I have to load and unload unbroke horses quite often. The easiest way to do it is to use a 4 horse stock trailer. I pull it alongside a barn etc so that the barn wall forms one side of a chute. Using some pipe panels you can use the open door and the panels to form the other side of the chute. Have the horse herded into a small pen attached to the chute, then once she is in the chute close the pen. Slowly use the panels to crowd the horse into the trailer. She WILL go in. Once she is in shut the back door. If you want to get her into the front compartment let her settle down, then creep into the trailer and SLOWLY shut the gate.

I don't tie my horses when I trailer them. I believe they need to have their head free so that they can balance themselves. I would NOT use this opportunity to teach horse to tie.

When you get her home BEFORE she is unloaded, snap a 20 foot or so line of thick rope onto her halter and turn her out. She will step on the rope constantly and stop herself. She can't run with her feet on the rope! You can slowly start handling her safely this way.
     
    07-21-2010, 09:04 AM
  #8
Foal
We can't just use a normal truck, Its a huge road train transport. Only one that can do it so don't kno how its going to work.
     
    07-21-2010, 09:52 AM
  #9
Trained
Can you get someone out there to work with her for a while, getting her comfortable with the halter? Please don't sedate a horse to trailer them... don't know if you've ever seen a horse snap badly out of a sedation, but it's not pretty. They have no sense of pain or where they are, and will do anything to get out of the situation. If the mare snaps out in the trailer, you may well end up with a dead or near dead horse. Of course there are the more common issues about sedation while travelling, affecting balance and digestion which may easily give you a horse that goes down while travelling, or getting colic.

If you're using a transport company to do it, very few of them will allow a sedated horse on board anyway, and most have experienced horsemen on board to load the horse safely. Leave them to do their job without interfering and you'll be fine.
     
    07-21-2010, 01:02 PM
  #10
Yearling
Quote:
Originally Posted by Kayty    
Can you get someone out there to work with her for a while, getting her comfortable with the halter? Please don't sedate a horse to trailer them... don't know if you've ever seen a horse snap badly out of a sedation, but it's not pretty. They have no sense of pain or where they are, and will do anything to get out of the situation. If the mare snaps out in the trailer, you may well end up with a dead or near dead horse. Of course there are the more common issues about sedation while travelling, affecting balance and digestion which may easily give you a horse that goes down while travelling, or getting colic.
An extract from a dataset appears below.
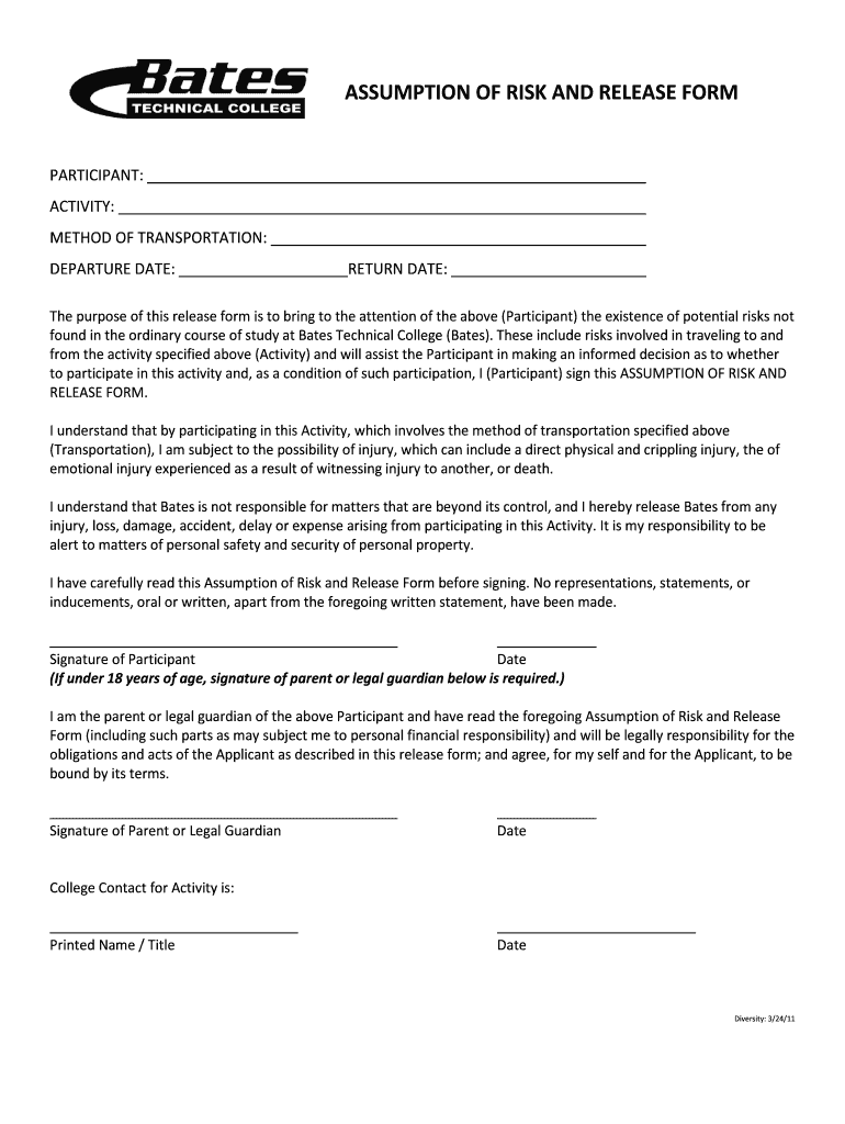 The Assumption of Risk and Release Form is a document used by Bates Technical College to inform participants of potential risks associated with college-sponsored activities and to release the college from liability.

If you're using a transport company to do it, very few of them will allow a sedated horse on board anyway, and most have experienced horsemen on board to load the horse safely. Leave them to do their job without interfering and you'll be fine.
Most I know won't load an un-halterbroke horse either, so make sure your company understands the situation before "counting" on them to do the pick up.

I agree... do NOT sedate her. It's not safe for horses to travel sedated.

Draftrider has about the only option available to you if this mare can't be halterbroke in the time needed.